Other sports, soccer, rugby,
have their red zones.
So does life, my life,
for better or for worse,
and now I know I’m in
the Red Zone.

I can see the goal line.
I can feel the tension rising.
I know the clock’s ticking down.
I can sense it, but can’t see it.
I no longer know the score,
and I don’t know whether
I’m playing offense or defense.

They tell me it’s a level playing field,
but every day they change the rules,
and today I wonder what the heck’s
the name of the game I’m playing.

Crystal Liturgy

Crystal Liturgy

Here, in the abyss,
where song-birds pluck their notes
and send them, feather-light,
floating through the air,
here, you’ll find no vale of tears,
no fears of shadow-hawks,
for all blackness is abandoned
in the interests of sunlight and song.

Here, the crystal liturgy surges,
upwards from the rejoicing heart,
ever upwards, into the realms of light,
where color and sound alike
brim over with the joy that, yes,
brings release to head and heart.

Here, seven-stringed rainbows reign,
the everlasting harp is tuned and plucked,
and an eternity of music cements
the foundations of earth and sky.

Here, the master musician conducts
his celestial choir, their voices rising,
higher and higher, until they reach
the highest sphere, and song and voice
inspire, then expire, passing from our eyes
and ears into unbounded realms of light.

Here, the seven trumpets will sound
their furious dance, a dance that will announce
the end of this singer, the end of his song,
but never the end of song itself.

Comment:

Crystal Liturgy is the first poem in the first sequence of my poetry book Septets for the End of Time. My friend Moo, the painter, supplies the paintings for the book covers. He and I have decided to hold a dialog on our views of how the painting and the poem relate to each other. Hopefully, we will continue this dialog throughout Septets for the End of Time.

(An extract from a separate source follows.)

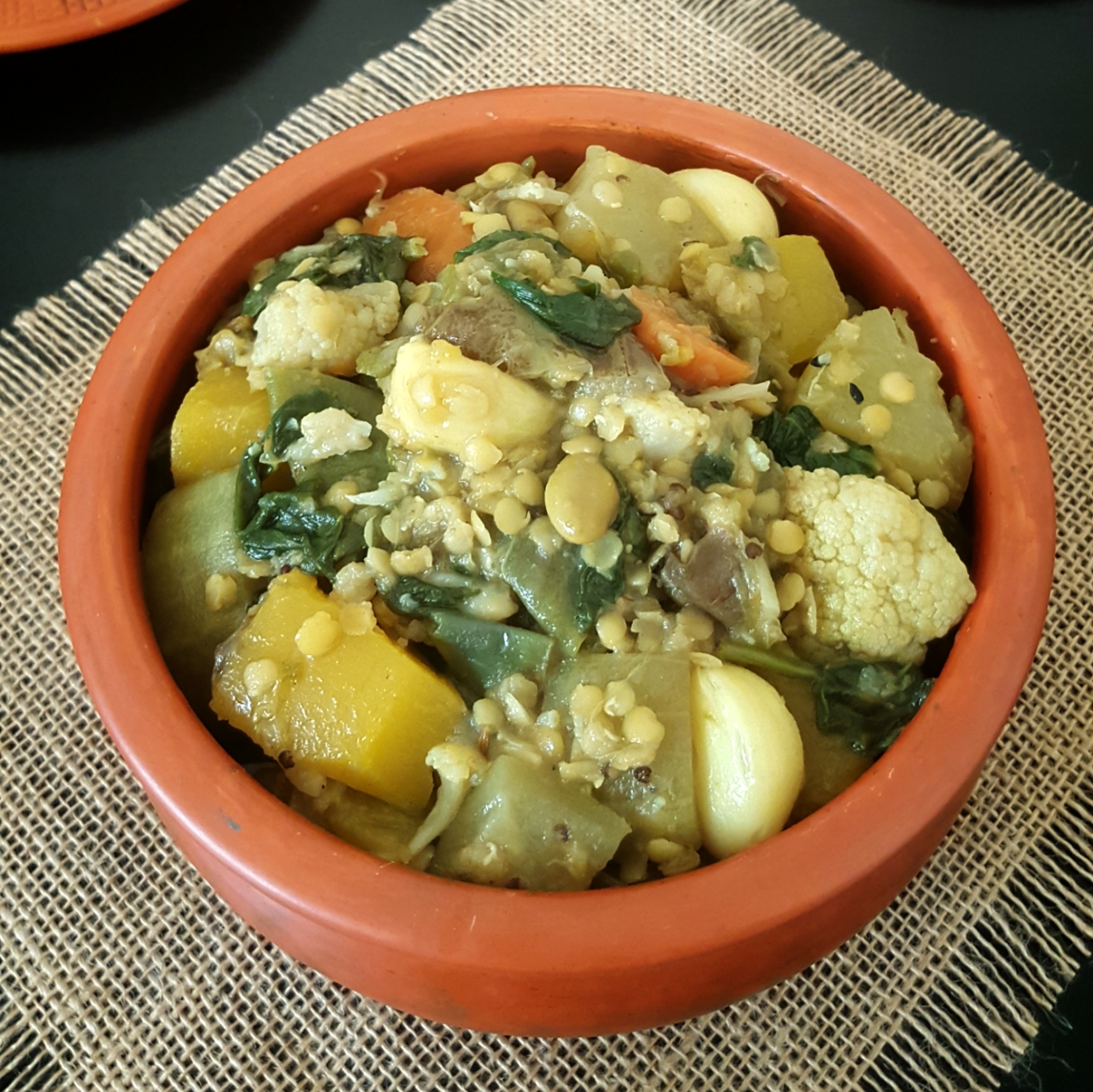 এবার প্যানে অলিভ অয়েল দিয়ে গরম করে পাঁচফোড়ন দিয়ে একটু ভেজে একে একে সব সবজি, পেঁয়াজ কুচি কাঁচামরিচ, লবণ, হলুদ গুঁড়া, ধনিয়া গুঁড়া, সামান্য পানি দিয়ে ঢেকে বেশি আঁচে জ্বাল নিন। সবজি যখন একটু নরম হয়ে আসবে তখন রসুনের কোয়া, ডাল দিয়ে নেড়ে ঢাকনা দিয়ে ঢেকে রাখুন। যদি পানির দেওয়ার প্রয়োজন হলে পানি দিন।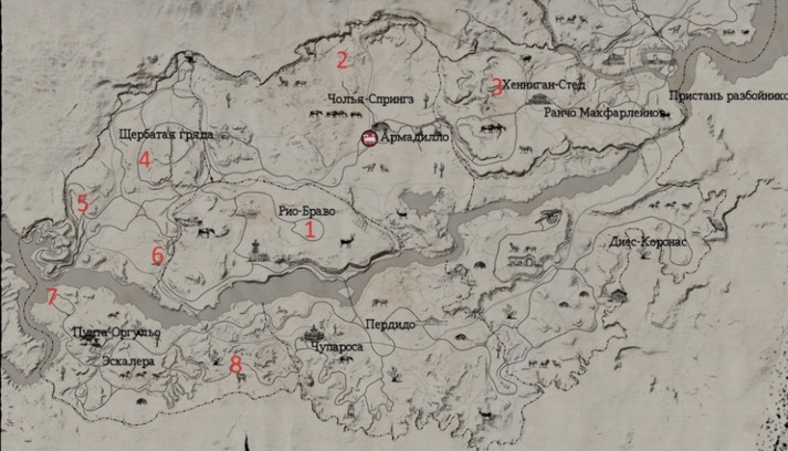 Костюм Маршала США - Не переживайте и не торопитесь, времени предостаточно. Необходимо зачистить только 5 логов с карты ниже (под номерами 3, 2, 4, 5, 1 - я проходила именно в таком порядке). Логово № 6 на Соломонз-Фолли и №7 и 8 в Мексике для костюма не нужны. При зачистке логов я умудрилась трижды умереть и все равно уложилась во времени. Если не выполните дополнительные задания (спасти НПС из лагеря), то лагерь все равно засчитается. Единственное, наверное, все же, не стоит использовать быстрые перемещения между лагерями. Я скакала на лошади по проложенному маршруту по дороге. В целом здесь вообще нет ничего сложного.

“I have tried to join the ideas of sound, light, song, and voice to the idea of the Platonic Universe, where the planets dance to the music of the spheres. I wrote these poems listening to Messiaen’s Quartet for the End of Time. I allowed the music to flow through me and I responded, in words, to the images that came from the sounds, and the silences, of the music.”

“I see no sorrows here, no woes,” Moo told me. “I only see the the joy of light and existence. The shadows have been dispersed, and my painting contains a generous helping of sunshine and light. I find it very suitable for this particular poem. My painting’s starburst of energy enhances the poem’s sense of movement, strength, and light. It also contains the message that all will be well.”